### What is expected:
Would you print out all of the data exactly and keep the pictures out of it?

### Given records:

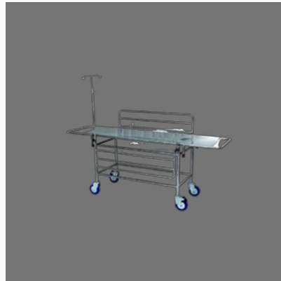
SS Patient Stretcher Trolley
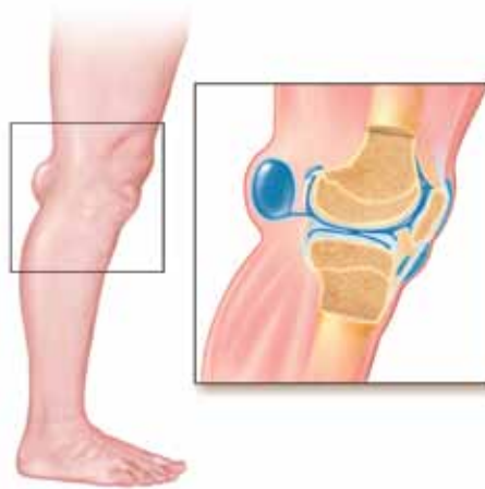
A Baker's cyst is a fluid-filled sac that may cause swelling behind the knee.

A Baker's cyst may disappear on its own. If the cyst is caused by an under-
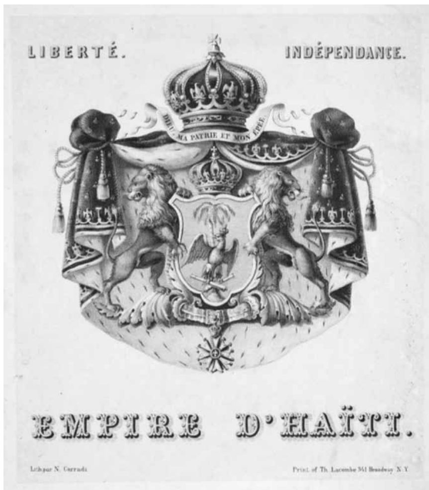
Figure 3.1 N. Corradi, “Empire d’Haïti,” lithographic plate 1 from Album Impérial d’Haïti , New York: Th. Lacombe, 1852. © The British Library Board, HS.74/2132.

Although we do not know every detail about the album and its commissioning process, we do know that it had an impact on visual attempts to configure Haiti. One example comes from an 1856 article in the Illustrated London News (ILN) . A weekly British newspaper that boasted a large readership, the ILN aimed to provide its avid readers with visual content. This particular article does not disappoint. Entitled “His Imperial Majesty Faustin, Emperor of Hayti,” the article casts Haiti as the Atlantic world’s dark-skinned—and distempered—foundling: an aggressive and bumbling
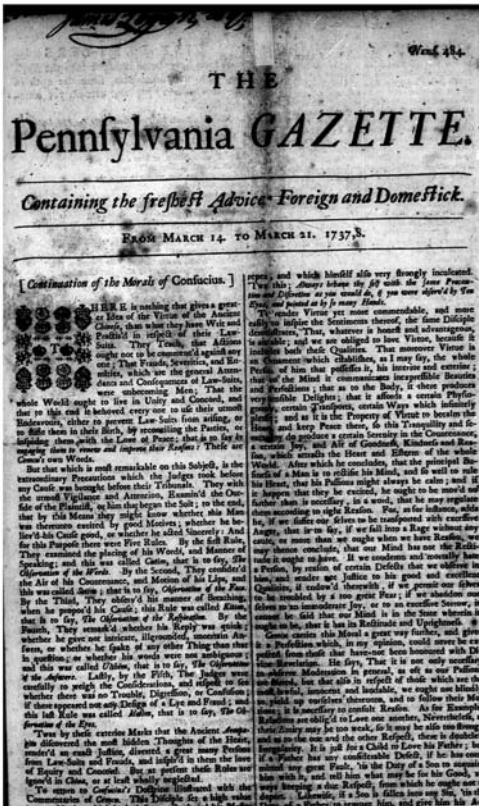
Figure 2. Benjamin Franklin published some chapters from The Morals of Confucius in the 1737 Pennsylvania Gazette , March 14–21, 1737, 8: 484.

Franklin agreed with Confucius that a man should not only cultivate personal virtues, but also disseminate them to others, including political leaders.
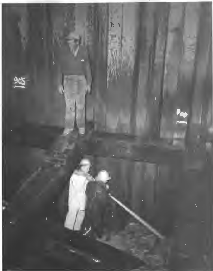
No. 191-1 10-16-58 North Fork Bridge. Washing down bedrock before placing reinforcing steel at Pier No. 3.
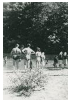
[Photo of a group of people on the bank of a river] (2023_09_01_01_12_027)
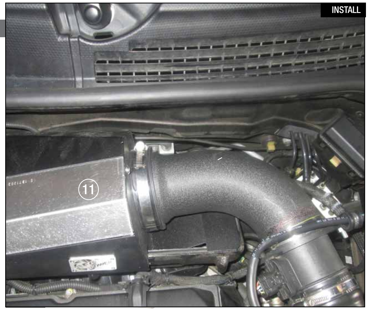
Refer to Figure G for step 10
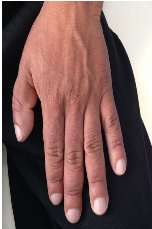
Figure 3. Skin thickening along the dorsum of the hands predominating overlying interphalangeal joints, with acropachy and pseudo-leukonychia.

A 30-year-old man presented with a one-year history of progressive skin thickening of the scalp and face (predominantly along the frontal and nasogenian areas) that created a noticeable increase in furrows, in a manner akin to cutis verticis gyrata .
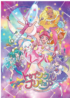
Star☆Twinkle Pretty Cure
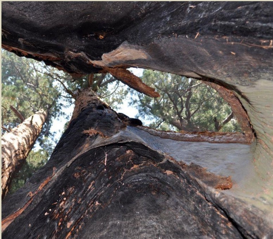
ReWilding Zion National Park 2017

Cancellation Policy: determined by location
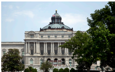
US Library of Congress

Copyright in the US and most of the world is automatic upon fixation of an original work of authorship in a tangible medium of expression. In plain English: you get copyright protection automatically when you put your original works on paper or in digital medium.
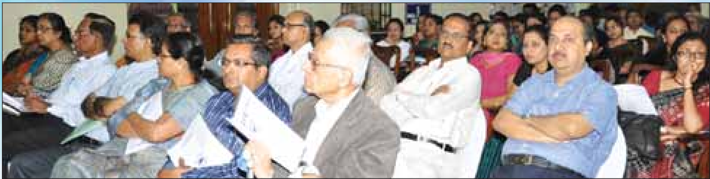
Section of the audience.

### Exercise answer:
SS Patient Stretcher Trolley
A Baker's cyst is a fluid-filled sac that may cause swelling behind the knee.

A Baker's cyst may disappear on its own. If the cyst is caused by an under-
Figure 3.1 N. Corradi, “Empire d’Haïti,” lithographic plate 1 from Album Impérial d’Haïti , New York: Th. Lacombe, 1852. © The British Library Board, HS.74/2132.

Although we do not know every detail about the album and its commissioning process, we do know that it had an impact on visual attempts to configure Haiti. One example comes from an 1856 article in the Illustrated London News (ILN) . A weekly British newspaper that boasted a large readership, the ILN aimed to provide its avid readers with visual content. This particular article does not disappoint. Entitled “His Imperial Majesty Faustin, Emperor of Hayti,” the article casts Haiti as the Atlantic world’s dark-skinned—and distempered—foundling: an aggressive and bumbling
Figure 2. Benjamin Franklin published some chapters from The Morals of Confucius in the 1737 Pennsylvania Gazette , March 14–21, 1737, 8: 484.

Franklin agreed with Confucius that a man should not only cultivate personal virtues, but also disseminate them to others, including political leaders.
No. 191-1 10-16-58 North Fork Bridge. Washing down bedrock before placing reinforcing steel at Pier No. 3.
[Photo of a group of people on the bank of a river] (2023_09_01_01_12_027)
Refer to Figure G for step 10
Figure 3. Skin thickening along the dorsum of the hands predominating overlying interphalangeal joints, with acropachy and pseudo-leukonychia.

A 30-year-old man presented with a one-year history of progressive skin thickening of the scalp and face (predominantly along the frontal and nasogenian areas) that created a noticeable increase in furrows, in a manner akin to cutis verticis gyrata .
Star☆Twinkle Pretty Cure
ReWilding Zion National Park 2017

Cancellation Policy: determined by location
US Library of Congress

Copyright in the US and most of the world is automatic upon fixation of an original work of authorship in a tangible medium of expression. In plain English: you get copyright protection automatically when you put your original works on paper or in digital medium.
Section of the audience.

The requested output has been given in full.